Start of Block

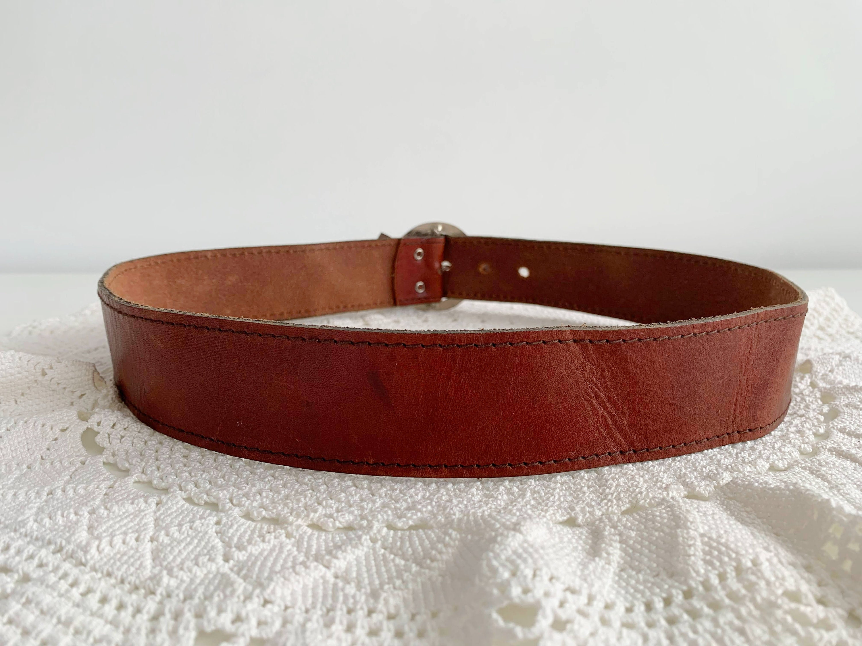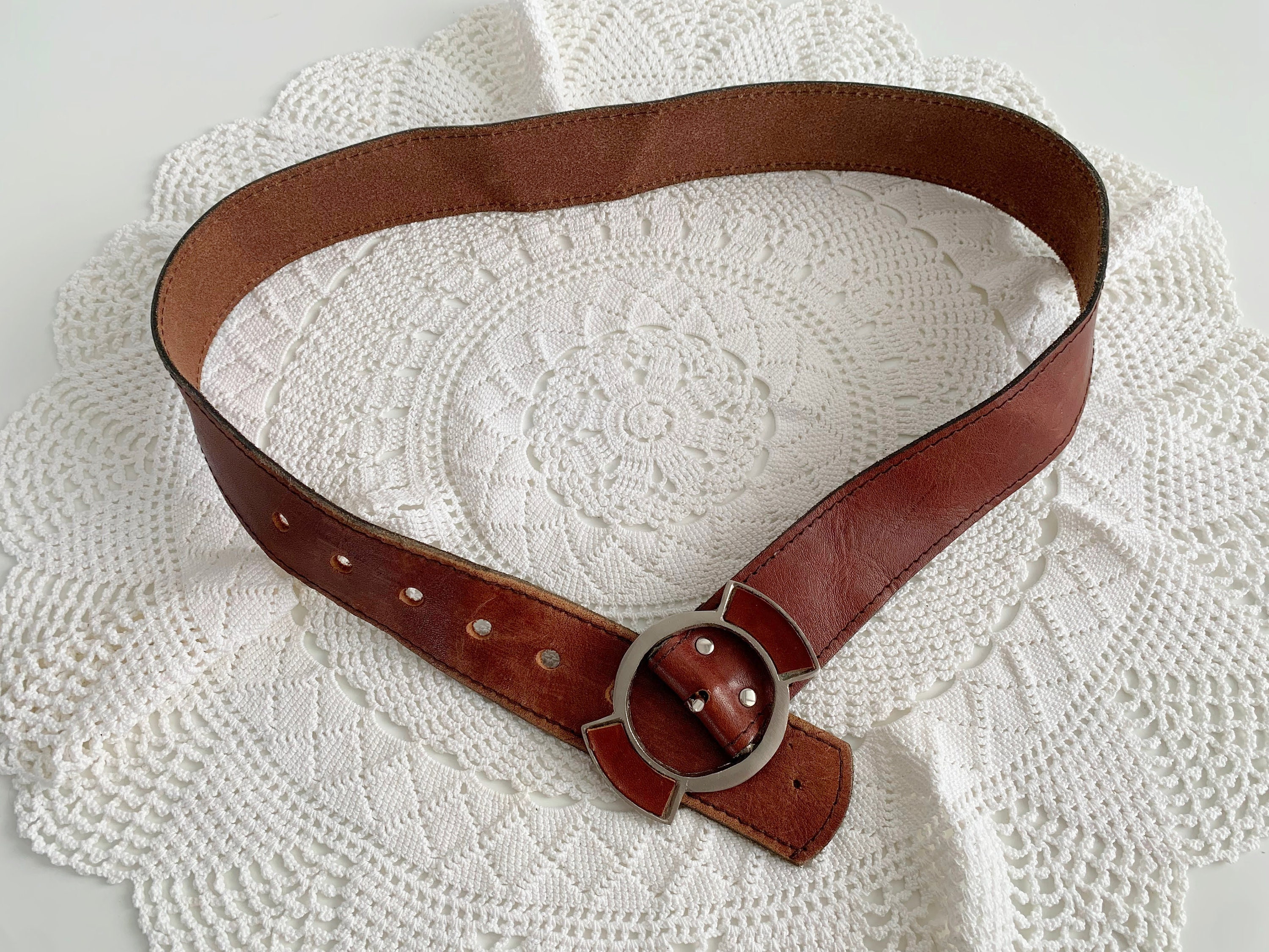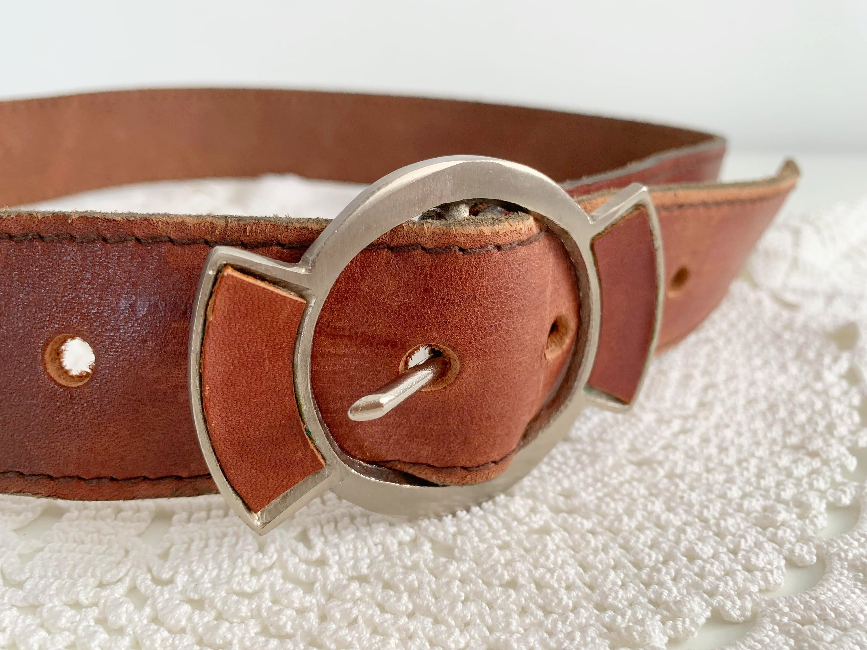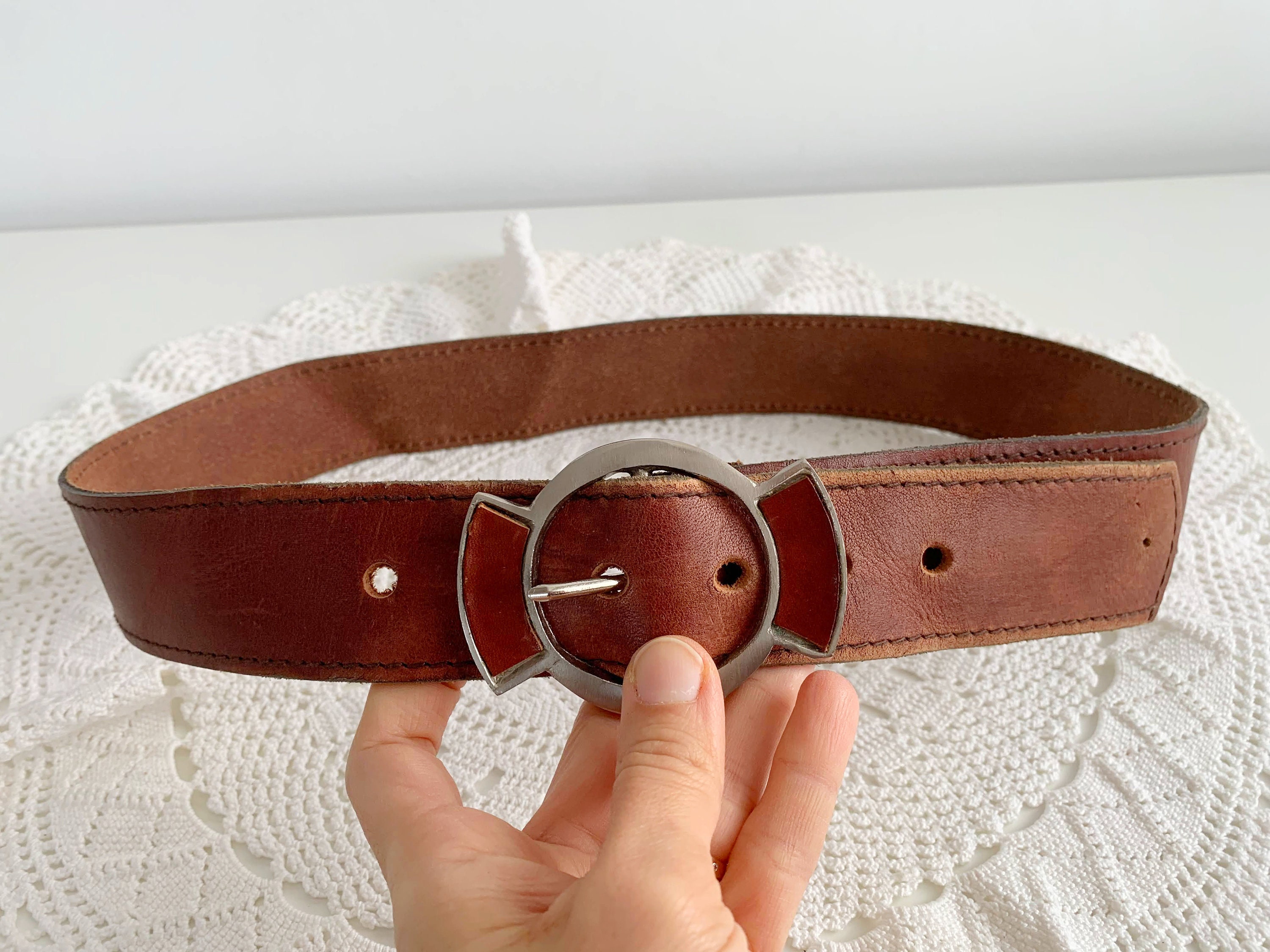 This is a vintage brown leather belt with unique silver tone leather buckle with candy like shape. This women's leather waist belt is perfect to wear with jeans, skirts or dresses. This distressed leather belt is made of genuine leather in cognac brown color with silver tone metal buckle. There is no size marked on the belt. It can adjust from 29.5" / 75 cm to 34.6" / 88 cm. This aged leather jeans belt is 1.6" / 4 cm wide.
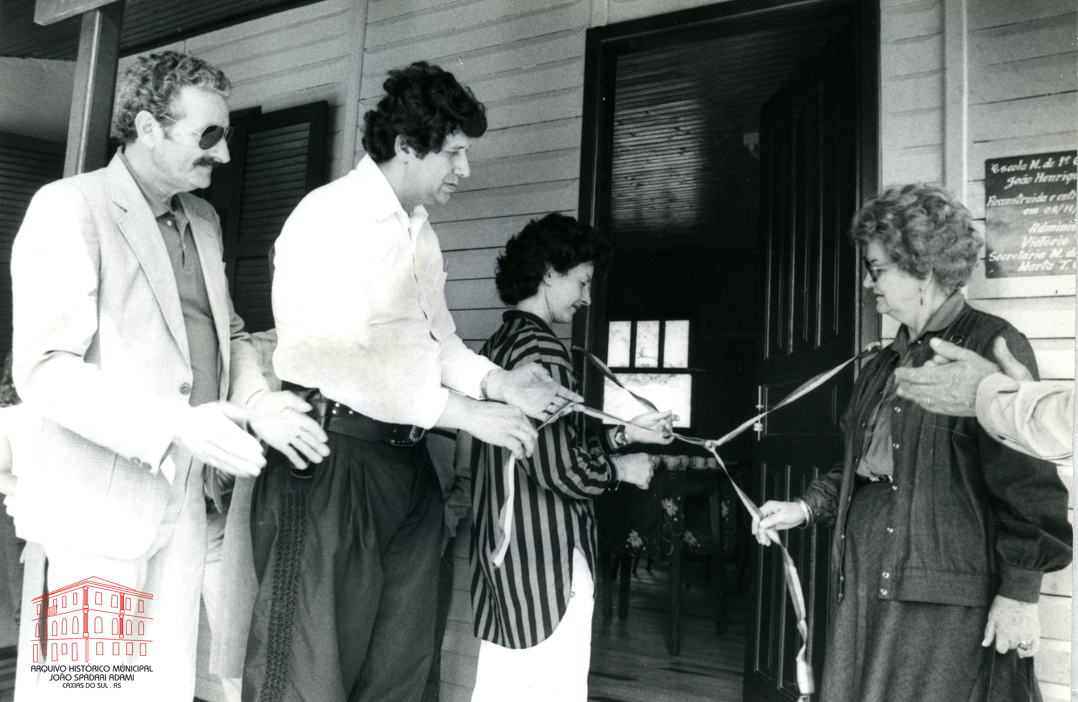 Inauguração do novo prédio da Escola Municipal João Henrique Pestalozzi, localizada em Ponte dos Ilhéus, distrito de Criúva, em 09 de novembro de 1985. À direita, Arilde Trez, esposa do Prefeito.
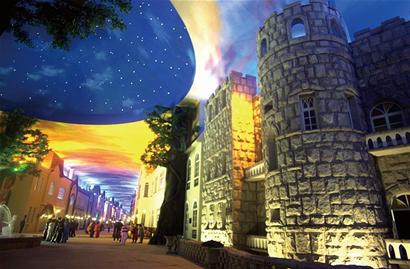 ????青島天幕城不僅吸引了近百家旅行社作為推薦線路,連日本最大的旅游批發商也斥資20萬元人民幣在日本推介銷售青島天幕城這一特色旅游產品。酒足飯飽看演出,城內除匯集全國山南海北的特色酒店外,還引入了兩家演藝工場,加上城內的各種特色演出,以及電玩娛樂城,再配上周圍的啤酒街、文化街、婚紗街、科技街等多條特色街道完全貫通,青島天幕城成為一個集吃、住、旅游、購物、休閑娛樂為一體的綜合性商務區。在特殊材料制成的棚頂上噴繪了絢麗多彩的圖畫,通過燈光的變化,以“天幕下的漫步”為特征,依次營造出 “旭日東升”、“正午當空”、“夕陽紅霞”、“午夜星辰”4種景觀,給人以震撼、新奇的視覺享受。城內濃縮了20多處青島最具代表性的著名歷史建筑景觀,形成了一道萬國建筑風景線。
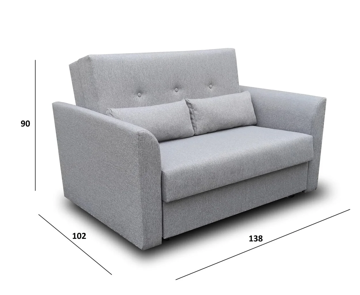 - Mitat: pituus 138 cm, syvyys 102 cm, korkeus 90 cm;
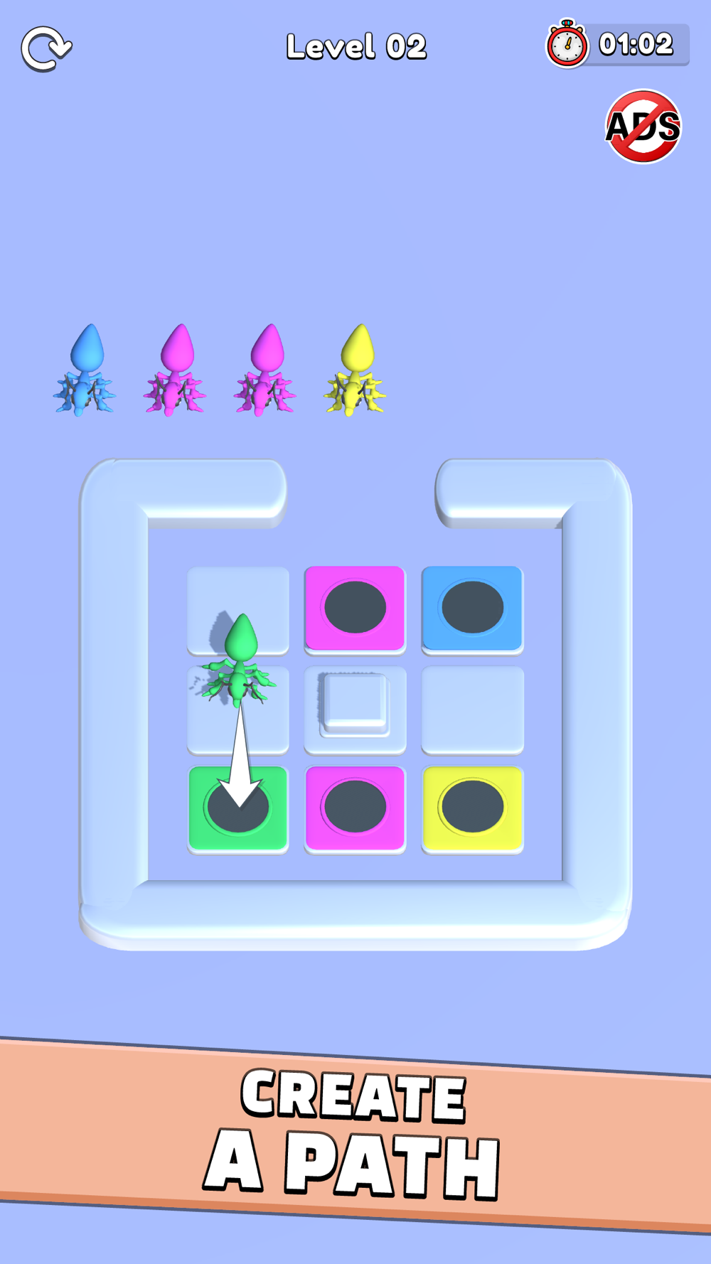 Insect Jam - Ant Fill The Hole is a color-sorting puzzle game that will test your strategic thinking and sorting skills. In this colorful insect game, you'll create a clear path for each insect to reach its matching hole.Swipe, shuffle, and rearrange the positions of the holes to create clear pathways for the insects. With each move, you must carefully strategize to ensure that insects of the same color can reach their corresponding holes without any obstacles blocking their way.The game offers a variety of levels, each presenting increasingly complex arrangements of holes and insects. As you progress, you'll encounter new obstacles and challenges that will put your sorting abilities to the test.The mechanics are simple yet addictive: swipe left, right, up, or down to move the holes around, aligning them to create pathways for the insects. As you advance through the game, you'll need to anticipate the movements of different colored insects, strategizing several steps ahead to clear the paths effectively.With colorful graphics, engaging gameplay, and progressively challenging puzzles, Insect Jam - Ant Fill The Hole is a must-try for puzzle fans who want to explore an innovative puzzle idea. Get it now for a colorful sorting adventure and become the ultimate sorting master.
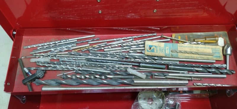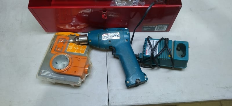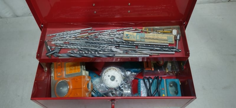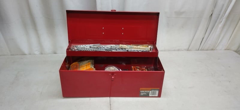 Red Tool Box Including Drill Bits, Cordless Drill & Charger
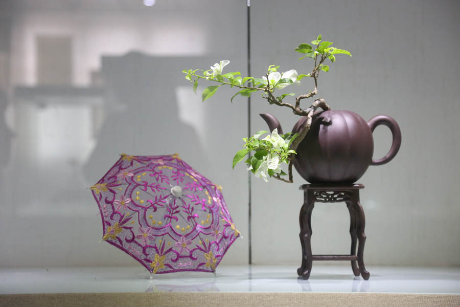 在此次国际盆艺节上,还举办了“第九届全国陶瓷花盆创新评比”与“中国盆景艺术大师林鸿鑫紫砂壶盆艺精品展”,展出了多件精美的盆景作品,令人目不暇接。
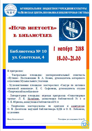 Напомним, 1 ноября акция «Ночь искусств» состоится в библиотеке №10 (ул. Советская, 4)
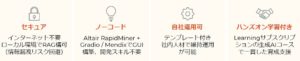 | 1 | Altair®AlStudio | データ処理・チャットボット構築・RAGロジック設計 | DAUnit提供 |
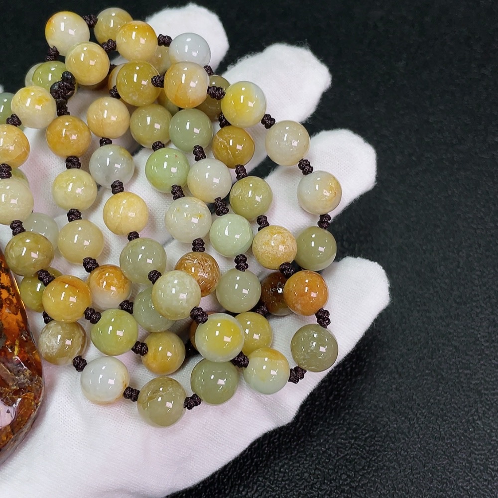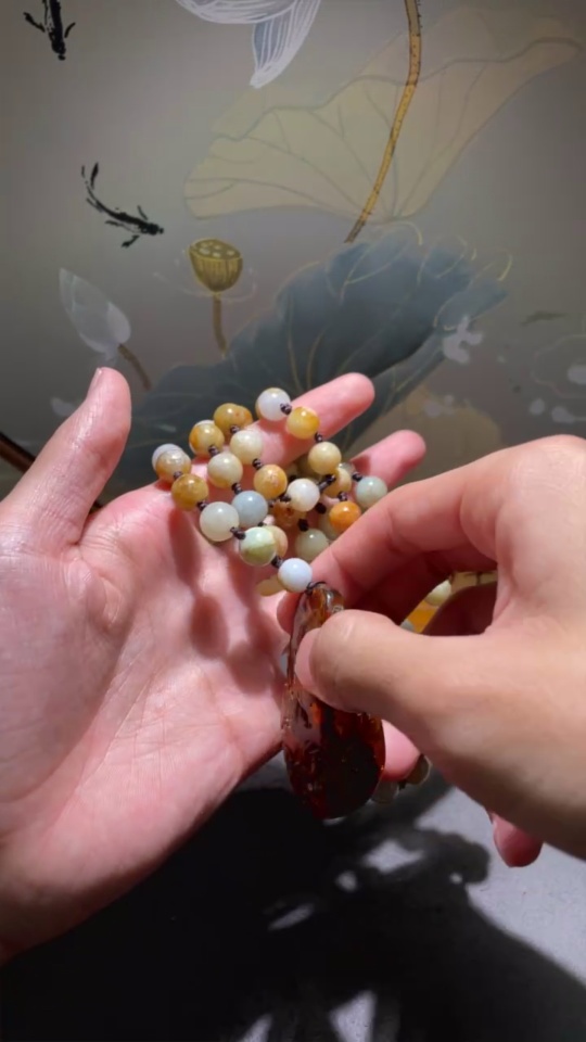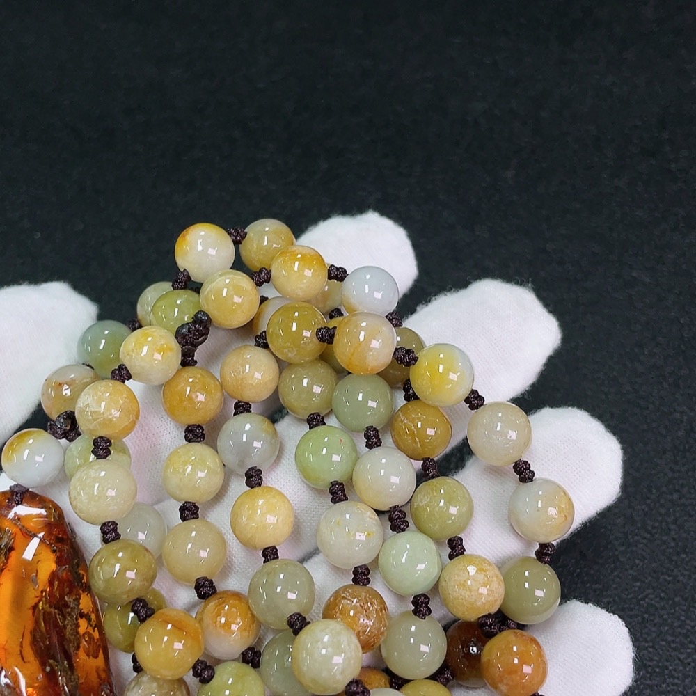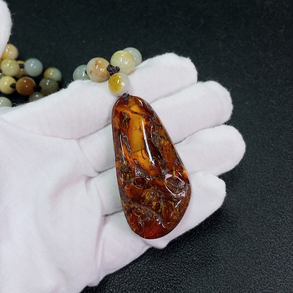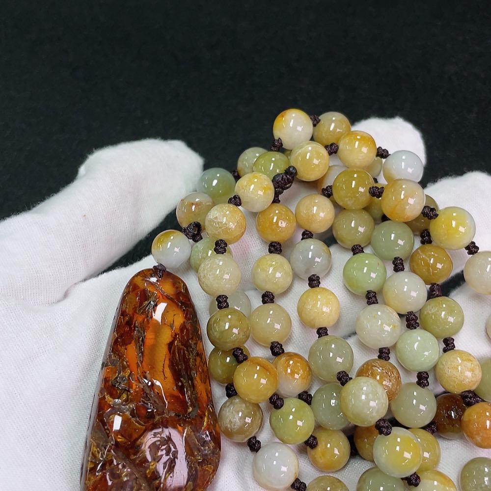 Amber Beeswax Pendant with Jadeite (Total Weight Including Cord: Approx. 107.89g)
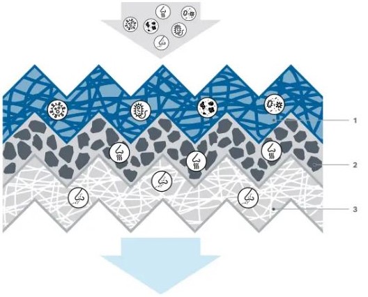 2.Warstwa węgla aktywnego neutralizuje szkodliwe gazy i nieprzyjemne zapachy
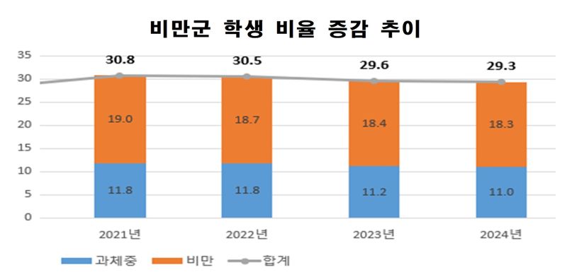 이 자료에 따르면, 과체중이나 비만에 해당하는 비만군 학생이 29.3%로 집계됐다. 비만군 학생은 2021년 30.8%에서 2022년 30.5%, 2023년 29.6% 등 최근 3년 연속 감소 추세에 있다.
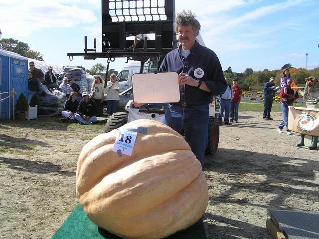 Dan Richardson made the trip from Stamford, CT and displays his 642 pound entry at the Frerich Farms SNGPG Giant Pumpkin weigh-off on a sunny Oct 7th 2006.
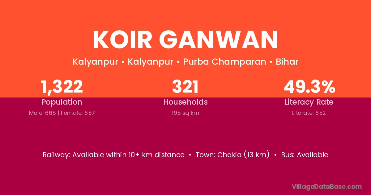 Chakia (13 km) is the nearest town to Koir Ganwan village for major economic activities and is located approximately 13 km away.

End of Block

**Task brief:** Every record above needs to be repeated exactly; pictures are to be left out.

**Your response:**
 This is a vintage brown leather belt with unique silver tone leather buckle with candy like shape. This women's leather waist belt is perfect to wear with jeans, skirts or dresses. This distressed leather belt is made of genuine leather in cognac brown color with silver tone metal buckle. There is no size marked on the belt. It can adjust from 29.5" / 75 cm to 34.6" / 88 cm. This aged leather jeans belt is 1.6" / 4 cm wide.
 Inauguração do novo prédio da Escola Municipal João Henrique Pestalozzi, localizada em Ponte dos Ilhéus, distrito de Criúva, em 09 de novembro de 1985. À direita, Arilde Trez, esposa do Prefeito.
 ????青島天幕城不僅吸引了近百家旅行社作為推薦線路,連日本最大的旅游批發商也斥資20萬元人民幣在日本推介銷售青島天幕城這一特色旅游產品。酒足飯飽看演出,城內除匯集全國山南海北的特色酒店外,還引入了兩家演藝工場,加上城內的各種特色演出,以及電玩娛樂城,再配上周圍的啤酒街、文化街、婚紗街、科技街等多條特色街道完全貫通,青島天幕城成為一個集吃、住、旅游、購物、休閑娛樂為一體的綜合性商務區。在特殊材料制成的棚頂上噴繪了絢麗多彩的圖畫,通過燈光的變化,以“天幕下的漫步”為特征,依次營造出 “旭日東升”、“正午當空”、“夕陽紅霞”、“午夜星辰”4種景觀,給人以震撼、新奇的視覺享受。城內濃縮了20多處青島最具代表性的著名歷史建筑景觀,形成了一道萬國建筑風景線。
 - Mitat: pituus 138 cm, syvyys 102 cm, korkeus 90 cm;
 Insect Jam - Ant Fill The Hole is a color-sorting puzzle game that will test your strategic thinking and sorting skills. In this colorful insect game, you'll create a clear path for each insect to reach its matching hole.Swipe, shuffle, and rearrange the positions of the holes to create clear pathways for the insects. With each move, you must carefully strategize to ensure that insects of the same color can reach their corresponding holes without any obstacles blocking their way.The game offers a variety of levels, each presenting increasingly complex arrangements of holes and insects. As you progress, you'll encounter new obstacles and challenges that will put your sorting abilities to the test.The mechanics are simple yet addictive: swipe left, right, up, or down to move the holes around, aligning them to create pathways for the insects. As you advance through the game, you'll need to anticipate the movements of different colored insects, strategizing several steps ahead to clear the paths effectively.With colorful graphics, engaging gameplay, and progressively challenging puzzles, Insect Jam - Ant Fill The Hole is a must-try for puzzle fans who want to explore an innovative puzzle idea. Get it now for a colorful sorting adventure and become the ultimate sorting master.
 Red Tool Box Including Drill Bits, Cordless Drill & Charger
 在此次国际盆艺节上,还举办了“第九届全国陶瓷花盆创新评比”与“中国盆景艺术大师林鸿鑫紫砂壶盆艺精品展”,展出了多件精美的盆景作品,令人目不暇接。
 Напомним, 1 ноября акция «Ночь искусств» состоится в библиотеке №10 (ул. Советская, 4)
 | 1 | Altair®AlStudio | データ処理・チャットボット構築・RAGロジック設計 | DAUnit提供 |
 Amber Beeswax Pendant with Jadeite (Total Weight Including Cord: Approx. 107.89g)
 2.Warstwa węgla aktywnego neutralizuje szkodliwe gazy i nieprzyjemne zapachy
 이 자료에 따르면, 과체중이나 비만에 해당하는 비만군 학생이 29.3%로 집계됐다. 비만군 학생은 2021년 30.8%에서 2022년 30.5%, 2023년 29.6% 등 최근 3년 연속 감소 추세에 있다.
 Dan Richardson made the trip from Stamford, CT and displays his 642 pound entry at the Frerich Farms SNGPG Giant Pumpkin weigh-off on a sunny Oct 7th 2006.
 Chakia (13 km) is the nearest town to Koir Ganwan village for major economic activities and is located approximately 13 km away.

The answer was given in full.